How is hand and wrist arthritis diagnosed?

Your consultant will carry out a physical examination to assess your wrist and hand for pain, swelling and loss of movement. Depending which parts of the wrists are affected (the joints or the tendons), the swelling may be in a different place. You may be asked to twist and flex your wrists to ascertain whether the pain is in your wrists or thumbs. An X-ray will confirm the diagnosis and can identify bone spurs and worn down cartilage. You may also be given a blood test to determine whether you have rheumatoid arthritis or osteoarthritis. An ultrasound sometimes will help to confirm tendon irritation or joint inflammation.

How is hand and wrist arthritis treated?

The treatment for wrist arthritis will depend on the severity and location of the arthritis. In the first instance, you may be able to relieve some of the symptoms by avoiding certain movements and wearing a wrist splint to support the joint. Heat can help to alleviate some of the pain associated with the condition and you may be offered anti-inflammatories or injections of cortisone into the joint to reduce inflammation.

If the condition is severe you may be offered hand and wrist surgery. Surgical procedures include:

  • Wrist fusion: By joining the bones of the forearm to the bones of the wrist and hand, the wrist is prevented from moving which helps to eliminate pain. However, there will inevitably be some loss of movement.
  • Proximal row carpectomy removes three of the small bones of the wrist joint, including the arthritic bone. The advantage is that this preserves more movement than wrist fusion but it is only possible for some forms of wrist arthritis.
  • Joint replacement surgery: Wrist replacements are less common and less predictable than hip or knee replacements but they are performed in some circumstances.

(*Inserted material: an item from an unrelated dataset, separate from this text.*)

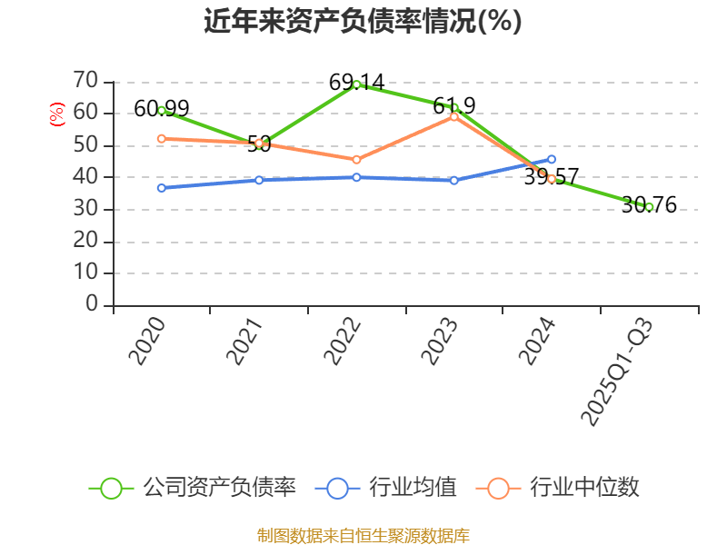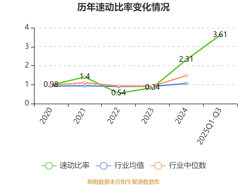 2025年前三季度,公司流动比率为3.97,速动比率为3.61。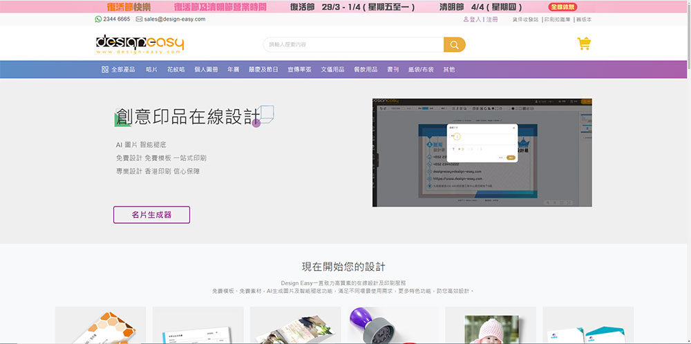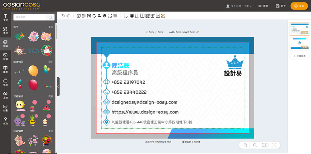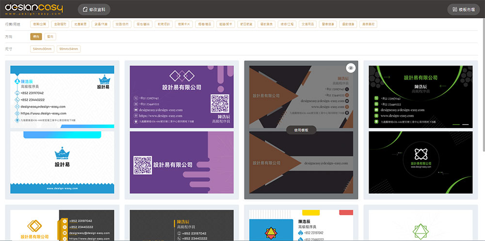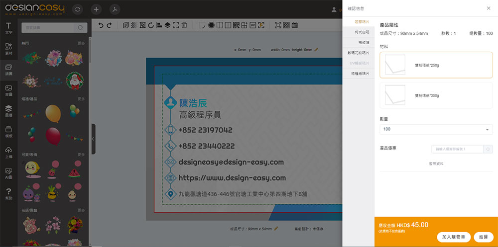 Design Easy是香港一家從互聯網上設計到實物印品一站式的名片印刷公司,名片價錢合理,提供多種取貨服務。名片用料上乘,成品品質高,還有燙金、UV、閘圓角等多種後加工選擇。Design Easy線上設計平台提供上千款免費名片範本供您選擇,操作簡單易用、設計體驗非常好,是你商務活動的最佳伴侶!下面我們將介紹如何使用Design Easy名片生成器来生成一张自己的專屬名片。

In the case of thumb arthritis there is a range of medication you can take, including topical medications which are applied to the skin over the joint, anti-inflammatories and painkillers. Wearing a thumb splint can be helpful to support and rest the joint and limit movement. Injections of corticosteroids directly into the joint can help to reduce inflammation and relieve pain. Hand therapists may be very helpful in providing exercises and guidance on improving the function of your thumb.

If the condition is severe you may be offered hand and wrist surgery. Surgical procedures include:

  • Joint fusion: By permanently fusing bones in the affected joint, the thumb will be able to bear weight without pain but there will be a loss of movement.
  • Osteotomy: This involves repositioning the bones in the thumb joint to correct deformities.
  • Trepeziectomy: The arthritic bone in your thumb joint is removed to alleviate pain.
  • Joint replacement surgery: The affected joint is replaced with an artificial implant.